SSMXR 2 058A muddy face with a smile. New Zealand’s Richard Ussher is one of the world’s top adventure and multi-sport athletes who has racked up an impressive list of accomplishments. From competing in the 1998 Nagano Winter Olympics for men’s moguls to finishing an Ironman distance triathlon in 8 hours and 2 minutes, he is a constant threat to his competitors and a motivation for the rest. From his home in Nelson, Richard has been using Restwise for quite some time now and can be considered one of its largest advocates. With his main focus this year being the Xterra World Championships in Maui, we wanted to see how this man, or machine, trains and seeks out greater fitness.

RW: Starting as a skier, then moving to adventure racing, and now participating in triathlon, how have you grown into the different training styles?

RU: It has been interesting over the years to see how the physiology has changed, I was a mogul skier so the longest race then was around 30 seconds – now I could effectively still be on the start line and not ruin most races so a big change in endurance!

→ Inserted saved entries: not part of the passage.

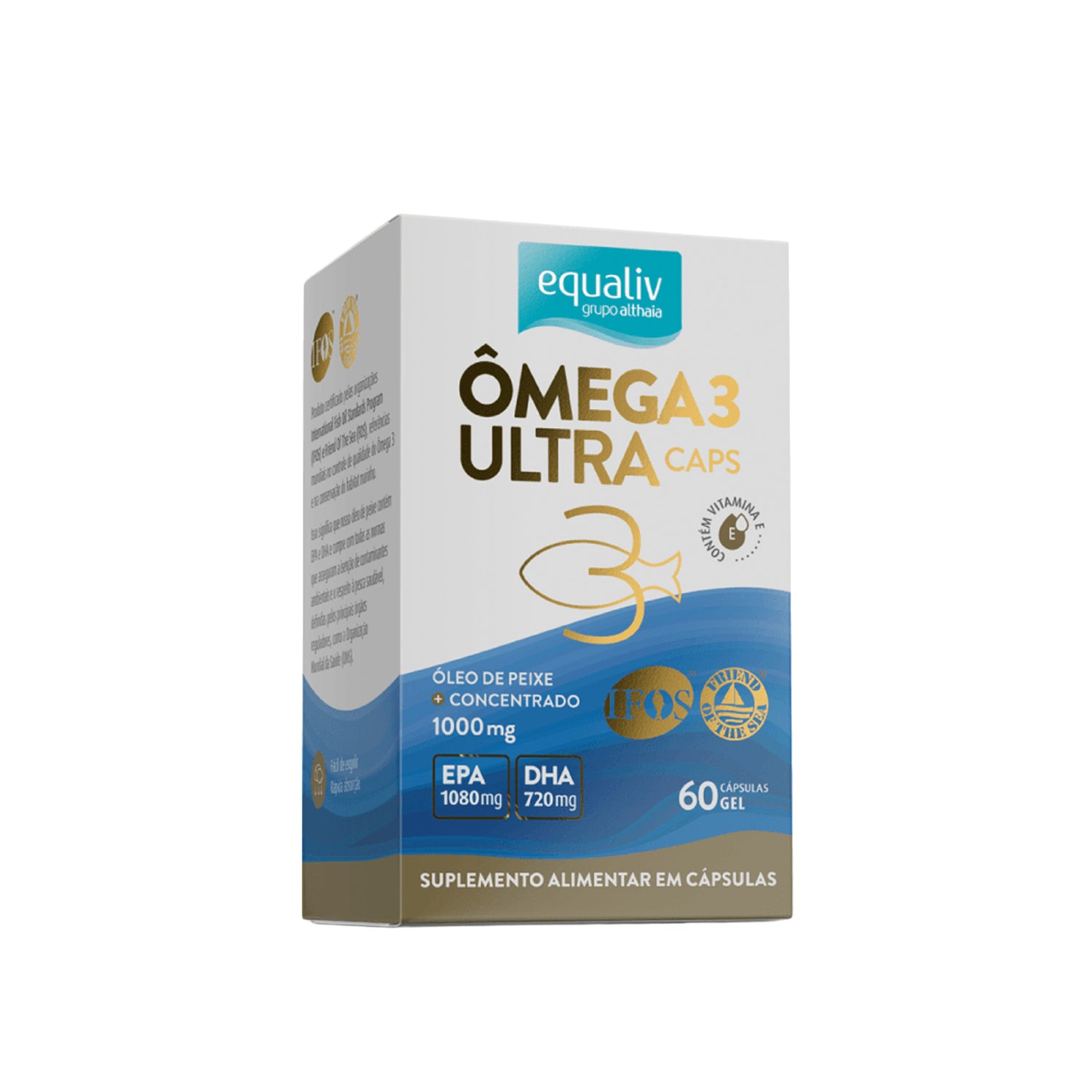 Equaliv Ômega 3 Ultra Caps é um suplemento à base de óleo de peixe que oferece excelente dosagem de ômega 3 e seus ativos EPA (1080 mg) e DHA (720 mg) por porção de 3 cápsulas, auxiliando na manutenção dos níveis de triglicerídeos, além de atuar sobre o aprendizado, memória e na saúde dos olhos.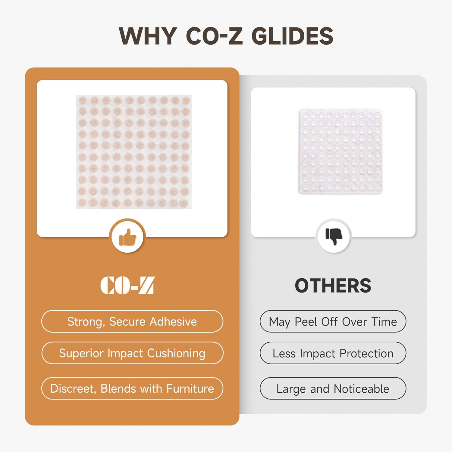 - Effortless Setup: Simply peel off the adhesive backing, press firmly onto any clean surface, and you're done! No tools are needed—just quick and easy protection for your furniture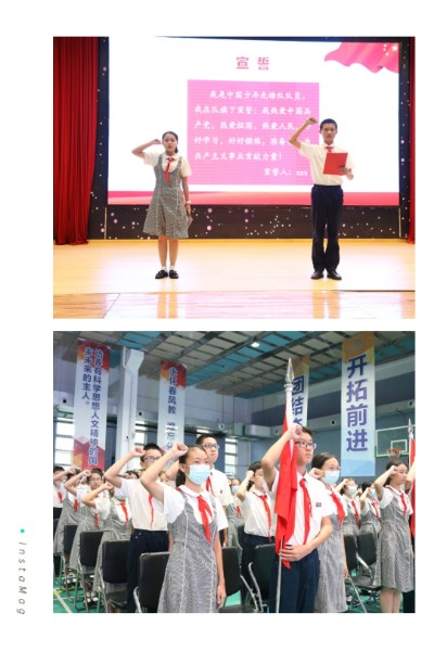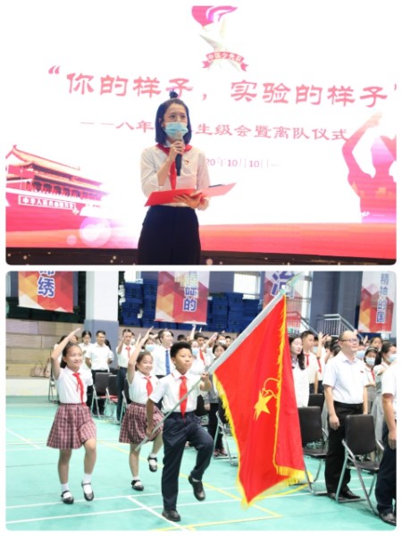 吴立新主任在发言中说,离队仪式是初中阶段的重要仪式之一,是告别童年拥抱青春的第一步,是成长路上重要的里程碑。他勉励同学们健康快乐成长,展现优秀实验学子的样子,即严格自律,注重细节的样子;诚实善爱,乐于助人的样子;全面发展,特长突出的样子。表里如一,文质兼美。

I noticed that for the first few years of endurance training even 15 hours really knocked me around but now it is not unusual to be well over 30 hours of training in a week.

The biggest thing I needed to learn when going to endurance sport was to train at a pace I could recover from to get enough consistency, hence why I could probably only manage so few hours to start as I was probably training a bit fast for too much of it.

The main difference between the Adventure racing / Multisport and the more traditional triathlons is the AR stuff is more strength endurance focused where as the tri stuff is much more speed endurance focused.

They both require similar amounts of training but the requirements for running over a mountain on a rough trail or running a marathon at pace off the bike require quite different training stimulus.

Richard UssherRW: Some would say you live in the mecca for outdoor adventures (NZ) would you say that this environment helps support your success?

RU: For me sport is all about enjoyment and there is no doubt NZ has a lot of fantastic areas to enjoy for training and racing, and that probably reflects in the amount of people participating here at a high level in outdoor sports.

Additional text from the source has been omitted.